Solved – How does local connection implied in the CNN algorithm

convolutionneural networks

I am trying to understand the process of Convolutional Neural Networks. Basically, I am trying to understand how does the local connection works. The first step of CNN is a convolution layer where every image is convolved with filters. If for example I have 100 filters, how does the local connections working? If I am understanding well, I have to convolve the input image with all 100 filters in order to produce 100 feature map in the convolutional layer. How does local connection implied in the CNN process? Where is the idea of local receptive fields implied?

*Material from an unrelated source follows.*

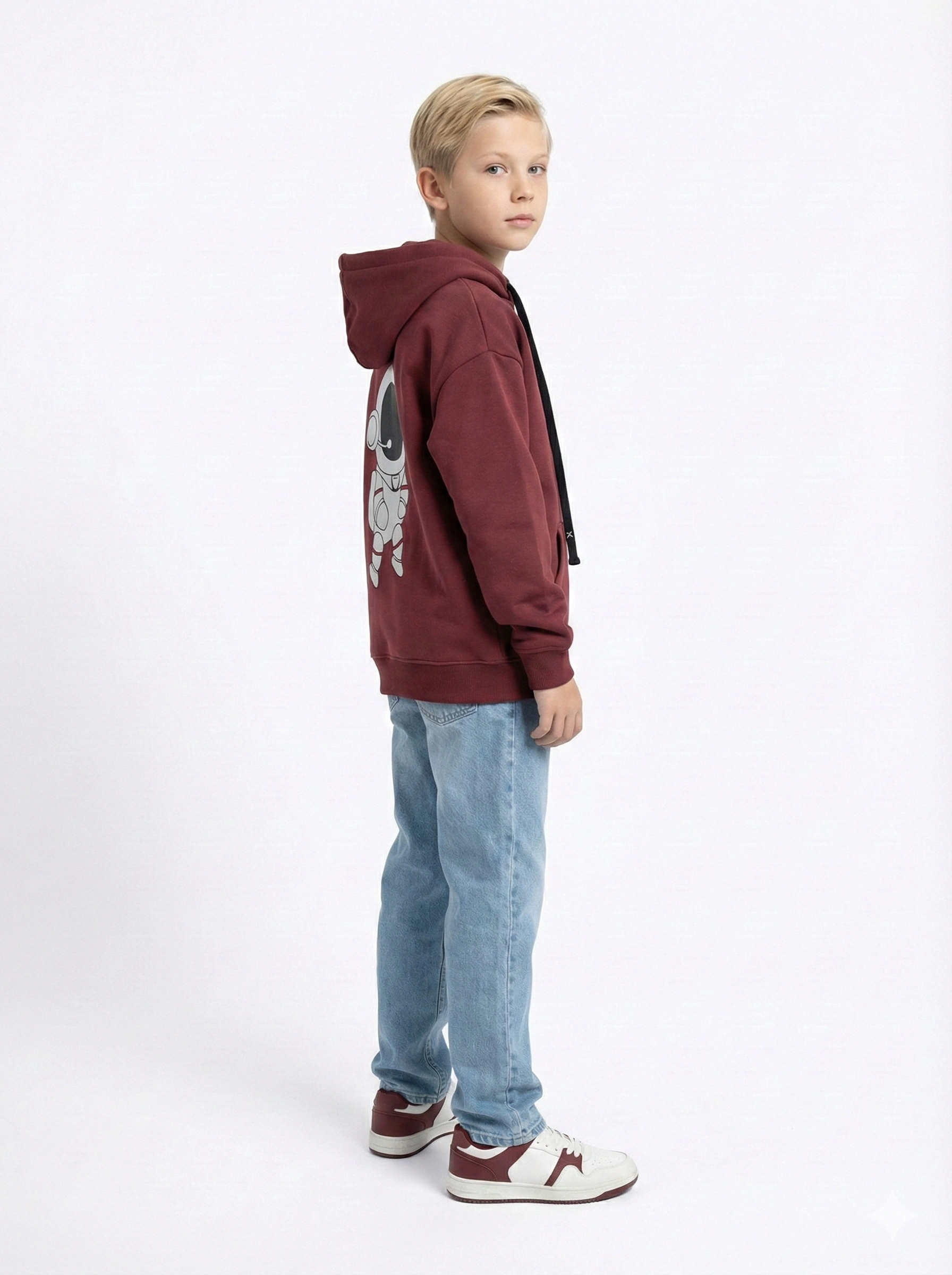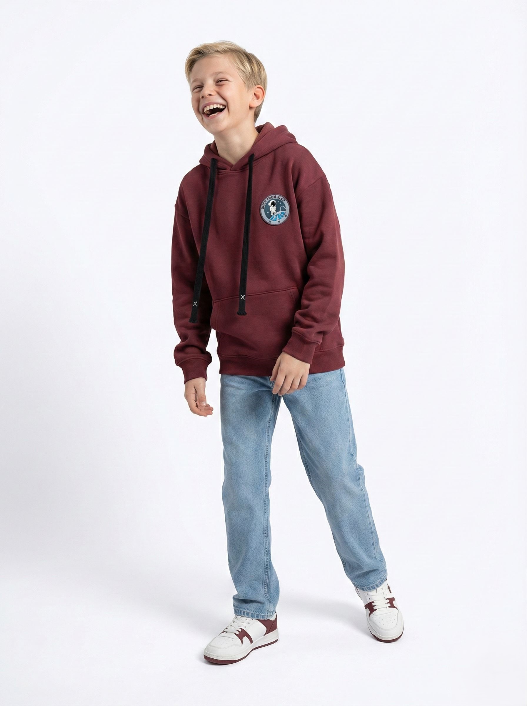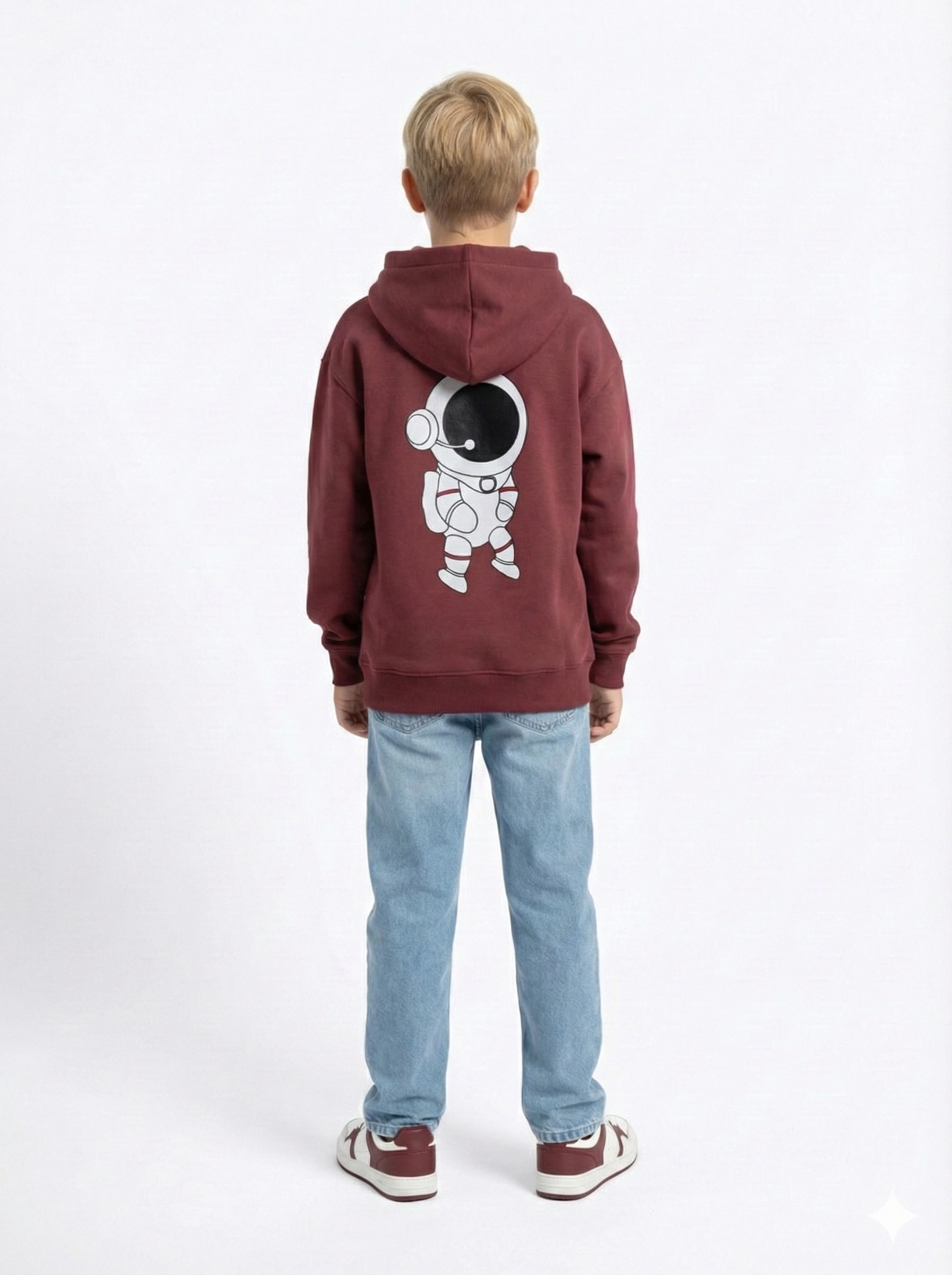 التصميم بيخطف العين بفضل طبعة رائد الفضاء الكبيرة والمميزة على الظهر، مع بادج “Out From Sleep” الشيك من قدام، وده بيدي لوك عصري وجريء يناسب الأولاد اللي بيحبوا التميز. في براند A&A، ركزنا على التفاصيل العملية زي الجيب الكبير (Kangaroo pocket) والأساور المحكمة عشان تمنع دخول البرد. الخامة بتتحمل الغسيل المتكرر وبتحافظ على رونقها. اختاري القطعة دي عشان تضمني لابنك إطلالة “كاجوال” مريحة وفخمة في خروجات النادي أو المدرسة.

EDiT: After the design of the architecture. The weights of all layers, convolutional pooling and the fully connected layer are trained by using back propagation?

Best Answer

To understand the local connectivity, first think about giving an image as input into just a regular fully connected neural network. Each input (pixel value) is connected to every neuron in the first layer. So each neuron in the first layer is getting input from EVERY part of the image.

With a convolutional network, each neuron only receives input from a small local group of the pixels in the input image. This is what is meant by "local connectivity", all of the inputs that go into a given neuron are actually close to each other.

For your second question, yes, both the fully connected layers and the convolutional layers can be trained using back propagation. You take the errors after propagating back to the first fully connected layer and start your convolutional layer propagation using those.